The British chancellor made reference to last year's London bombings, citing them as an extreme example of what can happen if groups of people feel they have little commonality with, or can bear no allegiance to, the larger community within which they were born and raised.
He said the perpetrators of the terrorist attacks were all British-born citizens who, despite being "apparently integrated into our communities", were prepared to "maim and kill fellow British citizens irrespective of their religion". Outlining what he feels needs to happen, Mr Brown said: "We have to be clearer now about how diverse cultures which inevitably contain differences can find the essential common purpose. . . without which no society can flourish." A laudable objective but, regrettably, he did not offer any realistic suggestions on how it might be realised.
Instead, Mr Brown went on to talk of patriotism, embracing the union flag and the notion of a "British Day" to celebrate national identity. Where Britain is concerned, at least, the answer is not to be found in any of those. The very absence of a feeling of loyalty to the nation, its people and its flag among sections of British society is a major part of the problem.
Advocating patriotism and flag-waving as some kind of solution to that is simply to confuse the desired goal with a means of achieving it. Besides, while reclaiming national symbols from racist bigots and thugs is essential, appearing to mimic right-wing elements will hardly help sell the idea of a new, all-encompassing, national identity to the marginalised.
Less realistic still was Brown's idea of an annual British Day to celebrate "British history, achievements and culture". Given Britain's colonial past and the ethnic origins of many of its present-day citizens, far from binding people together, large-scale public celebrations of historical events are more likely to cause further division.
History - which should not be denied, altered or contorted to suit contemporary circumstances - is seldom of any use in reconciling division. Having said all of that, Brown has at least raised an issue that many politicians throughout Europe have chosen to ignore or merely paid lip service to.
He has stated bluntly, and rightly, that it can no longer be the case that a society takes little or no account of the values and beliefs held by various minorities within its midst.
There simply cannot be an expectation that a minority "fits in" with a majority view in the hope that gradually and eventually it will be absorbed into a prevailing culture.
The obvious discontent of many British-born citizens - children and grandchildren of migrants - and the number and diversity of new arrivals shows that gradual absorption does not work and even if it did, is not remotely feasible.
Somewhat ironically, Britain is probably better equipped than most nations to tackle the problem of finding - or creating - a common ground that can be happily shared by diverse groups of people with many differing viewpoints. Its very foundations, after all, were laid on the neighbouring and closely related, but nonetheless different, cultures of England, Scotland, Wales and Ireland.

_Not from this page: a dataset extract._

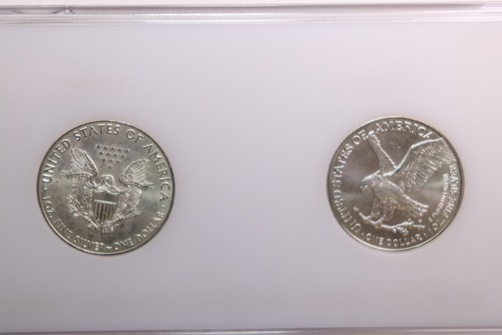 2021 American Silver Eagle, 2 Coin Set, Type 1 and 2, In Capital Holder, Store# AE0228.

Today, though local allegiances remain, they are all but superseded by loyalty to the collective political and social entity of Britain.
As well as that, Britain has a history of managing to successfully integrate settlers from most of its former colonies - as well as from virtually every other part of the world.
Undoubtedly, though, Britain's greatest asset in this regard lies in the character of its people: their laid-back, liberal attitude, and culture of tolerance and moderation.
I can think of nowhere else in the world where protesters can openly burn the national flag with little chance of being arrested and even less of being assaulted by irate members of the public. Though legislation alone can solve nothing, it is worth noting that Britain has some of the most stringent anti-racism and anti-discrimination laws in Europe.
Ultimately, however, the answer to developing a broad national identity that all but the most unreasonable can embrace must lie within society itself.
An all-inclusive national debate about what it means to be British needs to take place, in tandem with an audit to discover all the different ways British people define their nationality. People need an opportunity to explain the aspects of Britishness they can readily identify with and those they cannot, and the government needs to hear their views.
Civic, religious and political leaders of every shade must be encouraged to go to their local communities, ask pertinent questions, and report their findings to central government and its agencies. It is only from a basis of having such knowledge that an all-inclusive national identity can be constructed.